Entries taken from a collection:
"""
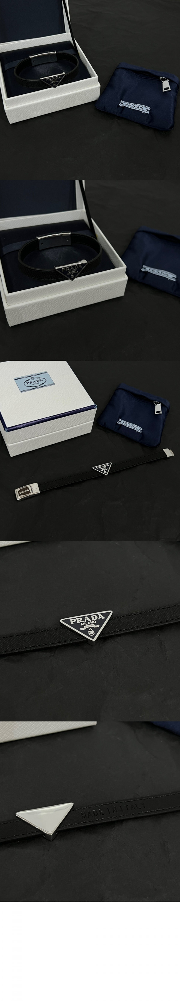 • 프라다 트라이앵글 로고 레더 브레이슬릿 2IB289
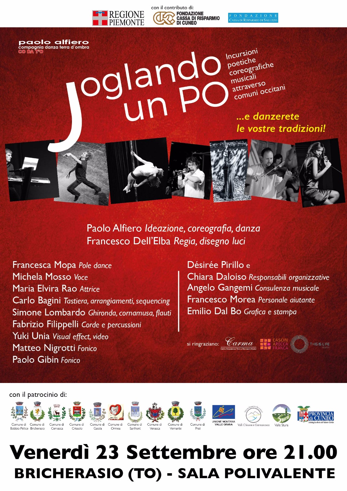 Venerdì 23/9 ore 21.00 presso il salone polivalente di Bricherasio la compagnia danza Terradombra di Torino propone "Joglando un Po", incursioni poetiche, acrobatiche, coreografiche e musicali attraverso comuni occitani e dintorni. Ideazione e coreografie a cura di Paolo Alfiero, regia di Francesco Dell'Elba. Ingresso libero.
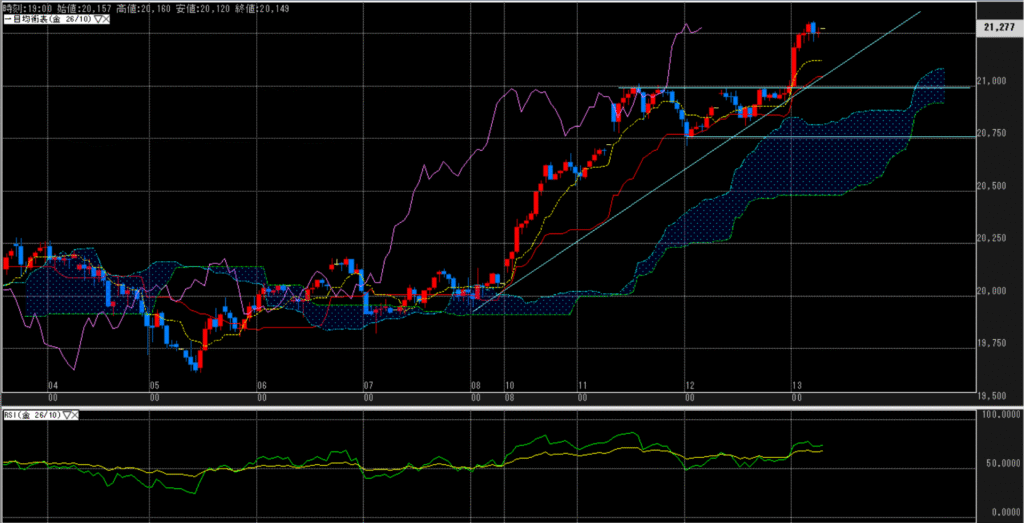 値位置(一目均衡表):日足は三役好転とはならないが、実体は基準線の上にのり、各線が上向き。時間足は三役好転としており、転換線からは大きく乖離しており、何らかの調整が必要と思われる。
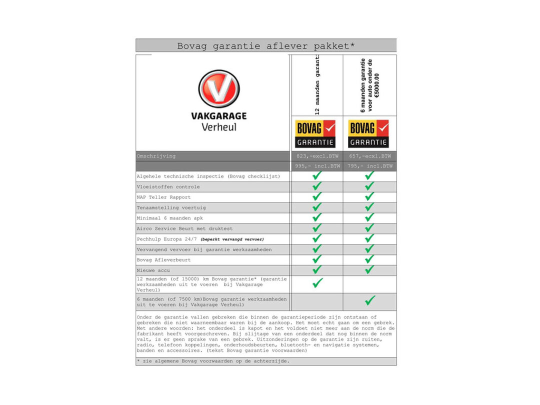 - Algehele Technische Inspectie - Vloeistoffen controle - NAP teller rapport - Tenaamstelling voertuig - Minimaal 10 maanden apk - Bovag afleverbeurt - Aircoservice beurt - 1 jaar Pechhulp Mobiliteit Service 24/7 Europa - Nieuwe accu - 12 maanden Bovag garantie op motor en versnellingsbak of 15.000 km, (reparatie en onderhoud werkzaamheden uit te voeren bij Vakgarage Verheul)
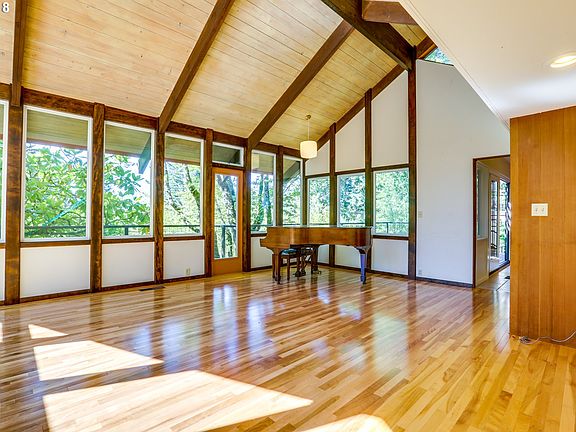 Architect designed NW Regional Style home tucked into a large lot on a private lane in a close-in SW neighborhood. Beautiful blue glazed Japanese tile roof accents the incredible wood and glass construction. Vaulted wood ceilings paired with walls of windows bring the outdoors into the living space. Unique custom floor plan with 2 suites, gourmet kitchen, lower level set up for 2nd living space. Close to downtown,shopping, SW trails. [Home Energy Score = 1. HES Report at https://api.greenbuildingregistry.com/report/pdf/R154175-20180315.pdf]
"""
Please ensure that the data above is repeated exactly, with no pictures in the copy.

*EXPECTED OUTPUT:*
 • 프라다 트라이앵글 로고 레더 브레이슬릿 2IB289
 Venerdì 23/9 ore 21.00 presso il salone polivalente di Bricherasio la compagnia danza Terradombra di Torino propone "Joglando un Po", incursioni poetiche, acrobatiche, coreografiche e musicali attraverso comuni occitani e dintorni. Ideazione e coreografie a cura di Paolo Alfiero, regia di Francesco Dell'Elba. Ingresso libero.
 値位置(一目均衡表):日足は三役好転とはならないが、実体は基準線の上にのり、各線が上向き。時間足は三役好転としており、転換線からは大きく乖離しており、何らかの調整が必要と思われる。
 - Algehele Technische Inspectie - Vloeistoffen controle - NAP teller rapport - Tenaamstelling voertuig - Minimaal 10 maanden apk - Bovag afleverbeurt - Aircoservice beurt - 1 jaar Pechhulp Mobiliteit Service 24/7 Europa - Nieuwe accu - 12 maanden Bovag garantie op motor en versnellingsbak of 15.000 km, (reparatie en onderhoud werkzaamheden uit te voeren bij Vakgarage Verheul)
 Architect designed NW Regional Style home tucked into a large lot on a private lane in a close-in SW neighborhood. Beautiful blue glazed Japanese tile roof accents the incredible wood and glass construction. Vaulted wood ceilings paired with walls of windows bring the outdoors into the living space. Unique custom floor plan with 2 suites, gourmet kitchen, lower level set up for 2nd living space. Close to downtown,shopping, SW trails. [Home Energy Score = 1. HES Report at https://api.greenbuildingregistry.com/report/pdf/R154175-20180315.pdf]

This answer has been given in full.